On Feb. 6, 2020, the United States House of Representatives, by a vote of 224 to 194, passed the Protecting the Right to Organize Act, H.R. 2474, which aims to boost the number of dues-paying union members at the expense of small and local businesses, workers, entrepreneurs and main street. Full of radical policy changes, this legislation would strip workers of their freedom, privacy and choice—three sacred American values and critical components of a thriving 21st century economy. And while provisions in this legislation will negatively impact industries across the U.S., it will disproportionately harm the 87.4% of U.S. construction workers who choose not to join a union.
If signed into law, the PRO Act would eliminate the use of secret ballots in workplace union elections, a freedom that has long been a cornerstone of any democratic election process. Whether for a political candidate or union representative, U.S. workers should be free to exercise their fundamental right to vote in an environment without fear of coercion and intimidation. It would also eliminate employers’ ability to challenge union misconduct during elections and greatly expand the National Labor Relations Board’s power to foist union representation on employers and employees without an election.

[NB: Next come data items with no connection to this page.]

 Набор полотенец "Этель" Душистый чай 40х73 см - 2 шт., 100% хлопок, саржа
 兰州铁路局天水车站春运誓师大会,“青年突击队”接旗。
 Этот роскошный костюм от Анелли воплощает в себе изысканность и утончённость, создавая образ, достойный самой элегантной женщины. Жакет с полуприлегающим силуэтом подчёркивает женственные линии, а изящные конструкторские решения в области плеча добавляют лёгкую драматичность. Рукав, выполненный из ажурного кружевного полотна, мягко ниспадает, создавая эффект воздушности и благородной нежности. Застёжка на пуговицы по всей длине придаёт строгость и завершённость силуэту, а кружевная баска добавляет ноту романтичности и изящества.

The legislation would also curb opportunities for employees to work independently through gig economy platforms, such as Uber and Lyft, and more traditional independent contractor roles, such as consulting, freelance writing and providing specialized construction services to multiple jobsites. This would stifle the ability of independent contractors to determine their own hours, what work they choose to do and how they choose to perform that work, which are often the main appeals of an independent contractor role.
In addition, the PRO Act attacks employee privacy by forcing employers to disclose personal information on all employees to union officials, including phone numbers, email addresses and schedules—without employees’ consent. And what’s more shocking, unions are not required to protect this personal information. Not only does this requirement violate state privacy laws, it exposes employees and their families to union organizing harassment and intimidation on the jobsite and at home.

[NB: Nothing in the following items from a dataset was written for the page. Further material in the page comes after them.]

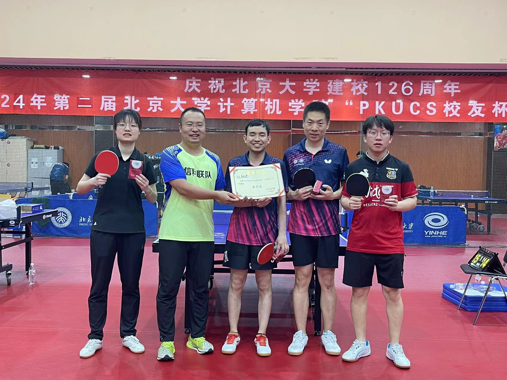 校友队:我们的队伍是由五名散报选手组成。虽然来自于不同的课题组,但是我们很快在球场上找到了“默契”,并且为了凝聚团队力量、为比赛助威,杨涛队长为队伍准备了统一的队服,我们迅速形成了一支“有组织”的球队。比赛中,杨涛队长更是发挥了“稳定军心”的作用,在男单比赛中发挥极其稳定,攻球、搓球等攻防转换的节奏“拿捏”相当到位;雷老师与来自北大乒协的选手对战中也表现相当英勇,将比分咬得很紧,发挥非常出色。这次比赛不仅让来自各个岗位的校友能够享受到比赛的快乐,更重要的是加深了我们与学校的联系,其实大家一直都很想念母校,想念曾经共同成长过、奋斗过的计算机学院,希望计算机学院越来越好,也祝愿明年我们能够再创辉煌!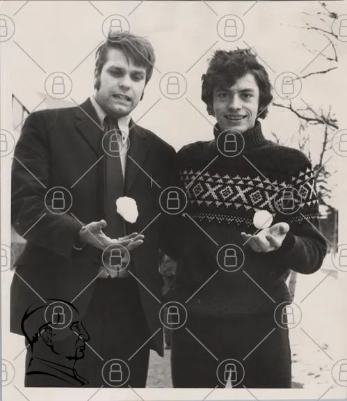 snö, snöboll, vinter, män, svartvitt, kläder, tröja, kostym, leende, utomhus, träd, ungdomar, 1960-tal, fotografi, vänskap, humor, sport, aktivitet, snöfall, tradition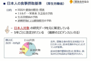 厚労省の5年ごとに改定される日本人の食事摂取基準は最新のエビデンスを基に発表されていますが、カロリーの内訳で言うと炭水化物60㌫、脂質25㌫、たんぱく質15㌫が望ましいとし、このバランスを崩すと生活習慣病を生みやすいと公表しています。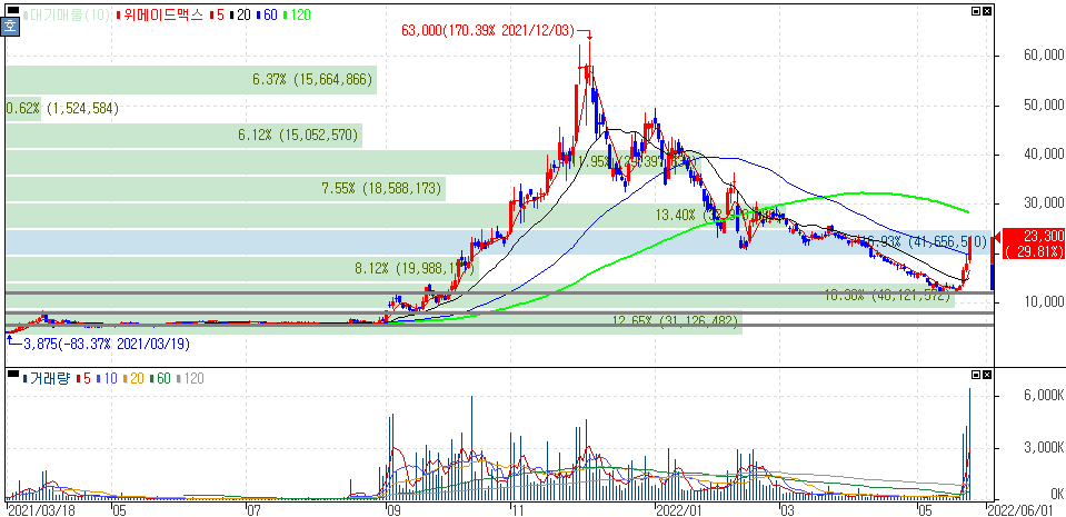 장현국 위메이드 대표, 위믹스 안정성 강조 소식 등에 상한가를 기록한 위메이드맥스 주가 입니다.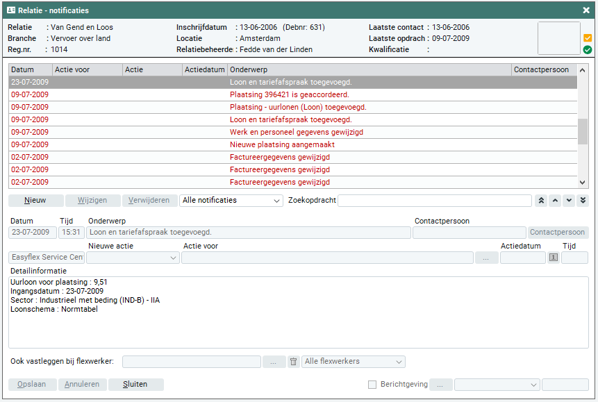 Op dit tabblad worden automatisch notificaties aangemaakt door Easyflex naar aanleiding van gemaakte wijzigingen in de gegevens van de relatie en kun je zelf nieuwe notificaties aanmaken. Ook notificaties welke zijn aangemaakt binnen het tabblad 'Contactpersonen' en 'Aanvragen en plaatsingen' worden in dit algemene notificatie tabblad vastgelegd.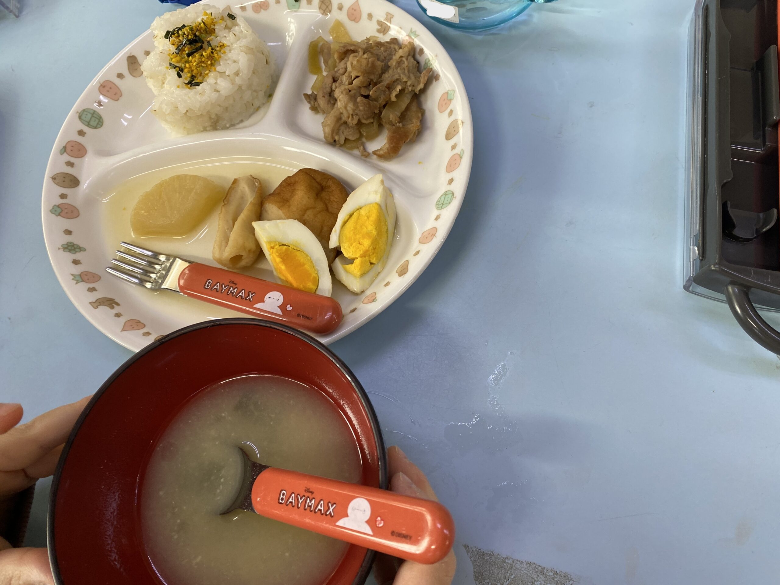 - おでん風煮込みに 生姜焼き 地元のお米に 出しのきいたお味噌汁。

The PRO Act would also override state right-to-work laws. A total of 27 states have passed right-to-work laws prohibiting employers from requiring employees to join unions as a condition of employment. By gutting state right-to-work laws, the PRO Act will force individuals to join a specific union and forfeit a portion of their hard-earned paychecks to support the activities and influence of unions if they want a job at a unionized jobsite, factory, school or company. In contrast, allowing employees to freely choose whether to financially support or join a union is a win-win, because it incentivizes unions to be more competitive and offer a better product to both businesses and workers.
This legislation will have significant negative effects on small businesses, which make up the majority of the U.S. construction sector. According to a recent report by the American Action Forum (AAF), provisions of the bill would create between $22.7 billion and $47.3 billion in new, annual costs for employers. These provisions would affect 44% of private sector employers, 54.6 million workers and 8.5% of gross domestic product, according to AAF. Such additional costs would be devastating to small business owners, and would affect their ability to hire additional employees, expand employee benefits and reinvest in their businesses, which will have a ripple effect across our communities.

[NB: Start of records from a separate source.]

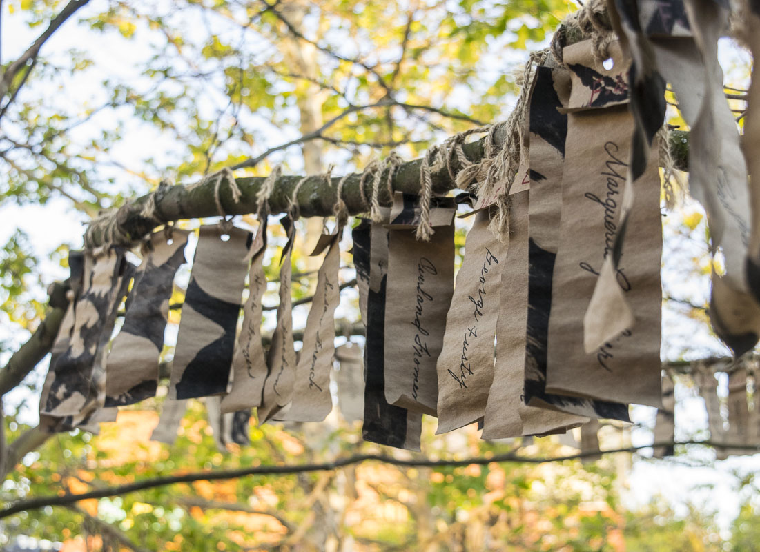 “Prayergrams” are tied to trees outside the L-Space Gallery at Humber College Lakeshore. This installation by Susan Mentis was assisted by members of three calligraphy guilds in the community, and is dedicated to the 1,511 patients of the former Lakeshore Psychiatric Hospital who are mostly buried in unmarked graves.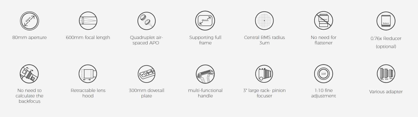 | Objective lens | Quadruplet air-spaced APO (including two ED glass) |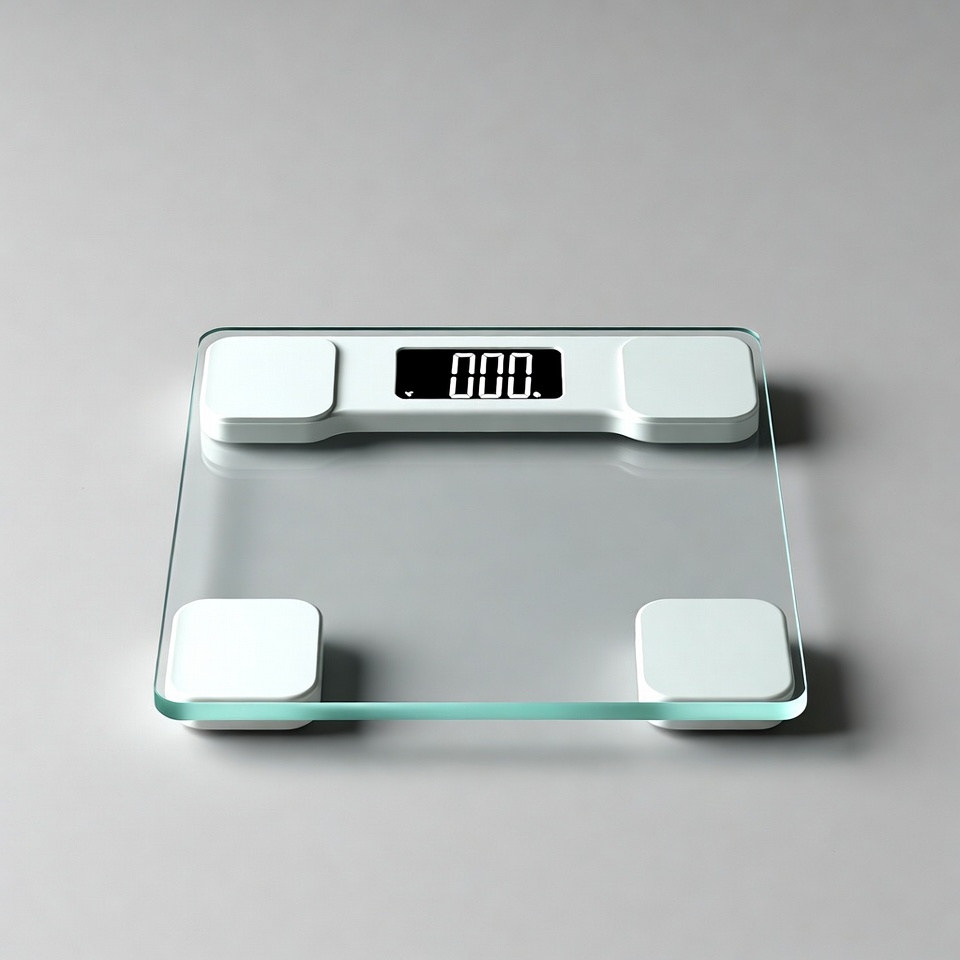 LCD display, body scale, clear glass, digital scale, fitness scale, glass scale, home scale, isolated background, kitchen scale, modern scale, weighing scale, weight scale, white accents, zero display, bathroom scale

Lastly, members of Congress who voted in favor of this legislation are attempting to implement Obama-era labor law policies that have already been rejected by the judicial system, opposed on a bipartisan basis in Congress, and/or abandoned by the agencies responsible to enforcing them. These entities realized those policies violated the law, exceeded the authority granted to the implementing agencies, or would cause serious damage to the American workplace.
If signed into law, the PRO Act will foundationally harm our nation’s businesses and curb opportunities for hardworking U.S. workers. At this point, Senate Majority Leader Mitch McConnell is not expected to bring the legislation to the Senate floor and President Trump issued a veto threat against the bill.
The outcome of the 2020 elections at the city, state and federal level will significantly shape the trajectory of the construction industry and America’s economy, which is why it’s so important to be engaged in the political process. The PRO Act is just one example of policy that could drastically impact the U.S. construction sector, and why it’s necessary to support and elect lawmakers who vote in the interest of America’s small business community and the 7.8 million jobs our industry supports across the country.